Bupati Murung Raya, Heriyus, mengatakan bahwa pemerintah daerah memastikan setiap program dalam RAPBD perubahan disusun berdasarkan hasil pembahasan dan masukan dari seluruh fraksi DPRD. Menurutnya, penajaman arah anggaran ini penting agar setiap rupiah belanja publik benar-benar memberi manfaat bagi masyarakat luas.
“Fokus utama RAPBD perubahan 2025 adalah pada pemenuhan layanan dasar masyarakat, seperti pendidikan dan kesehatan, penguatan ekonomi rakyat melalui program pemberdayaan UMKM, serta pemerataan infrastruktur yang menunjang konektivitas antarwilayah,” ujar Heriyus dalam rapat paripurna penyampaian jawaban pemerintah daerah terhadap pemandangan umum fraksi-fraksi DPRD Murung Raya.
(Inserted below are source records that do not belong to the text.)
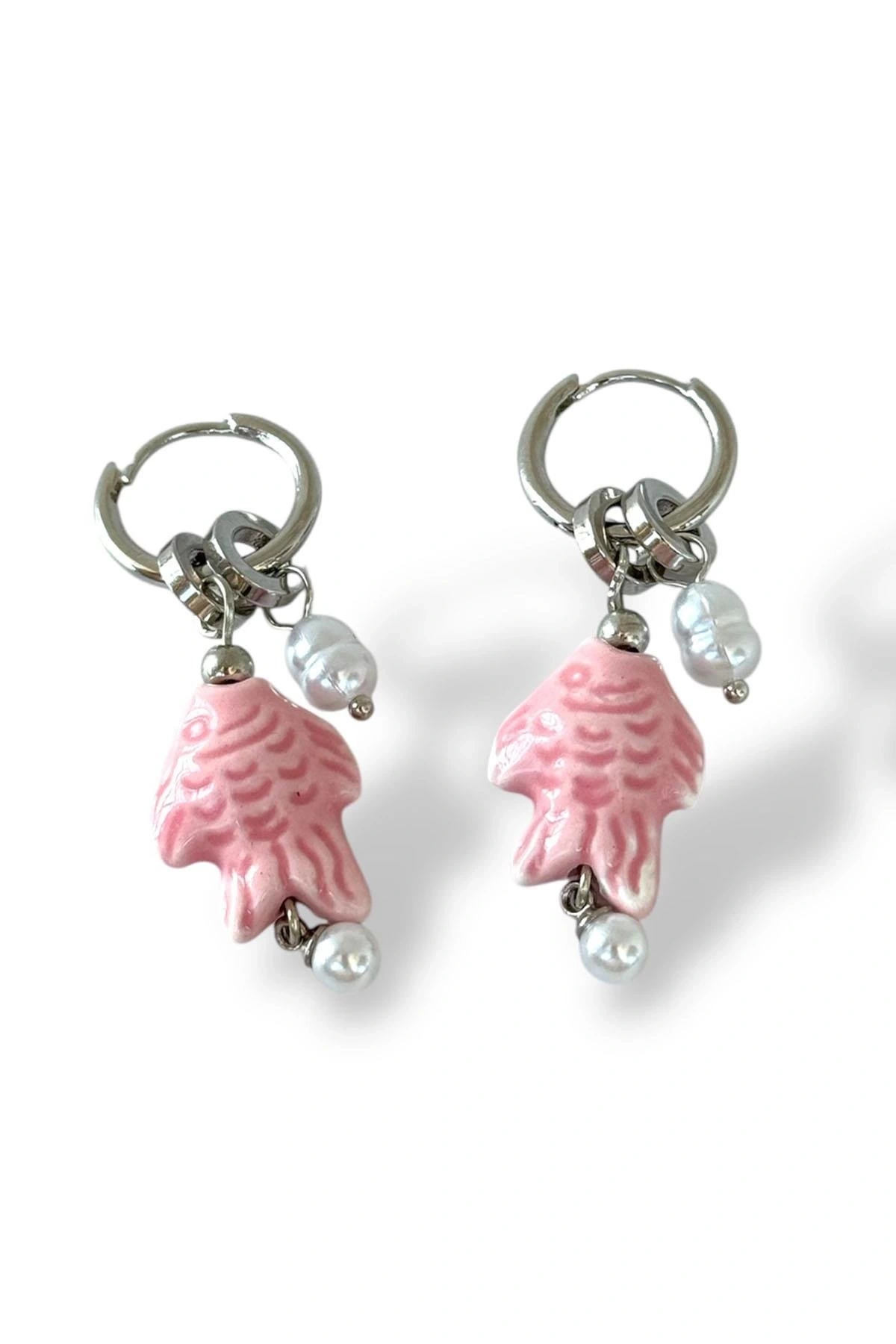 Gümüş Renk Balık Figürlü İnci Detaylı Küpe (Çift)
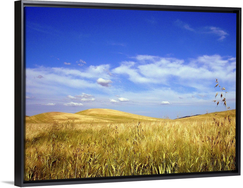 <p>Palouse wheat and grass fields with blue sky and clouds.</p>
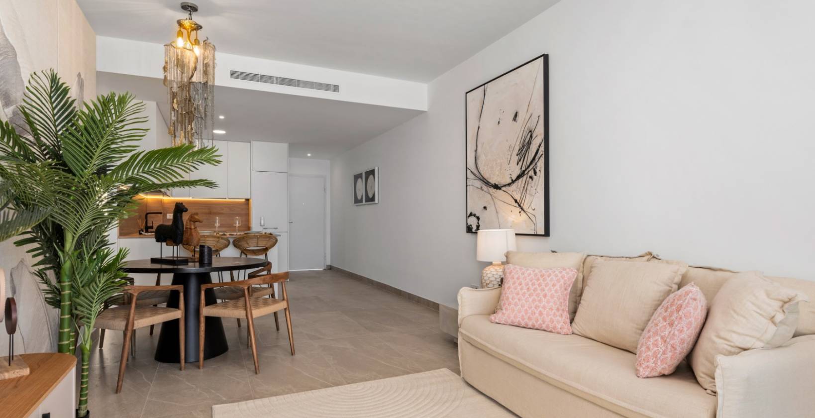Luxury flat with four (4) bedrooms can hardly be found anywhere ! Located on the ground floor, only 6.5 metres above street level, this one also has 2 bathrooms, one of which is en suite. The luxury kitchen is also equipped with all appliances with dishwasher. Large balcony of 21,80m2 ! The balcony is south-west facing with nice views. Around the corner you will already find the first nice Spanish bars, supermarket, bakery etc. You can leave your car on your own private parking space (optional) under the complex and take the lift to your flat. Many facilities within walking distance. Fantastic 4 bedroom flat which is also very suitable for permanent living.
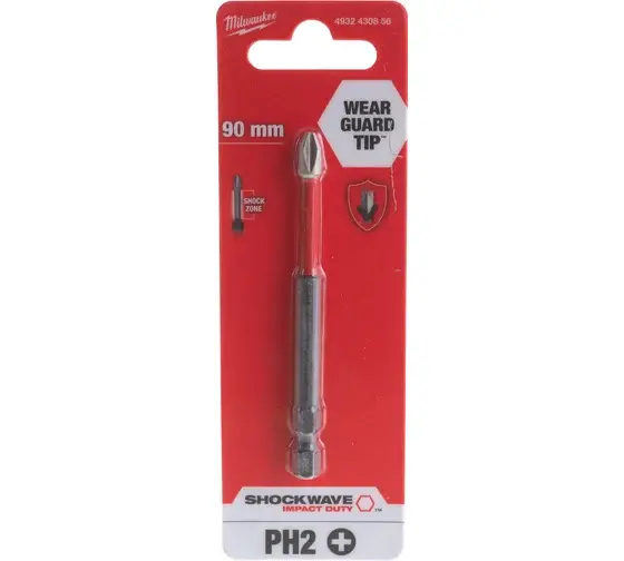 Насадка SHOCKWAVE Milwaukee 4932430856 предназначена для работы с ударными шуруповертами и гайковертами при монтаже/демонтаже крепежа имеющего шлиц PH2. Изготавливается из запатентованного сплава Impact duty. Компрессионный кованый наконечник обеспечивает отличную посадку в головке винта.
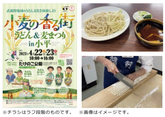 「小麦の香る街 小平」PRイベント連携協議会は、小平市 たけのこ公園で4月22日(土)~4月23日(日)の二日間、「武蔵野うどん」と「小麦」をテーマに、小平市・東村山市・東大和市・清瀬市・東久留米市・所沢市の地域と連携し、「武蔵野うどん」と「小麦」を美味しく楽しく味わうことで、地域の文化を知ることのできるイベントを目指し開催いたします。
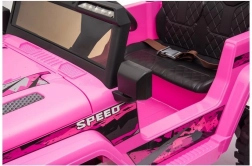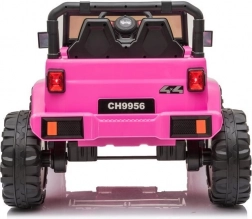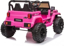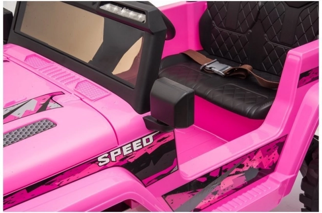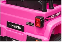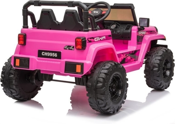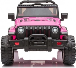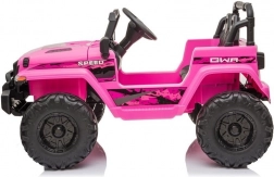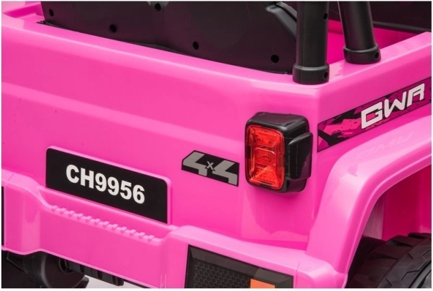 Stijlvolle elektrische kinderauto in het roze, geïnspireerd op een off-road voertuig, die kleine bestuurders zal verrassen met een robuuste look, grote wielen en realistische details. Biedt stabiel rijden, werkende koplampen en een stuur voor natuurlijke besturing. Ideaal voor buitenplezier en het ontwikkelen van motoriek dankzij de duurzame constructie, grote wielen en realistische elementen.
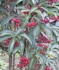 万両や詞すくなき俳句会 阿波野青畝 座について庭の万両憑きにけり 阿波野青畝 万両をたまたまつつむ茶の烟 阿波野青畝 万両のいとけなけれど所を得 阿波野青畝 万両は猫間障子の画のごとし 阿波野青畝

Heriyus menjelaskan bahwa strategi pembangunan daerah ke depan akan mengedepankan pendekatan berbasis hasil (result-based planning). Melalui pendekatan ini, kinerja pemerintah tidak hanya diukur dari realisasi anggaran, tetapi juga dari capaian konkret terhadap indikator kesejahteraan masyarakat.
“Evaluasi yang berbasis hasil menjadi penting agar pembangunan tidak berhenti pada laporan kegiatan, tetapi mampu menunjukkan dampak nyata seperti penurunan angka kemiskinan, peningkatan akses pendidikan dan kesehatan, serta perbaikan kualitas infrastruktur publik,” tegasnya.
Pemkab Murung Raya juga tengah memperkuat sistem pelaporan dan pengawasan pembangunan agar setiap program dapat terukur dan akuntabel. Langkah ini diharapkan mampu mempercepat pencapaian Indeks Pembangunan Manusia (IPM) daerah serta memperkuat daya saing ekonomi lokal.
“Prinsipnya, anggaran perubahan tahun 2025 harus menjawab kebutuhan dasar rakyat dan memberi arah yang jelas terhadap pembangunan berkelanjutan,” pungkas Heriyus.(y)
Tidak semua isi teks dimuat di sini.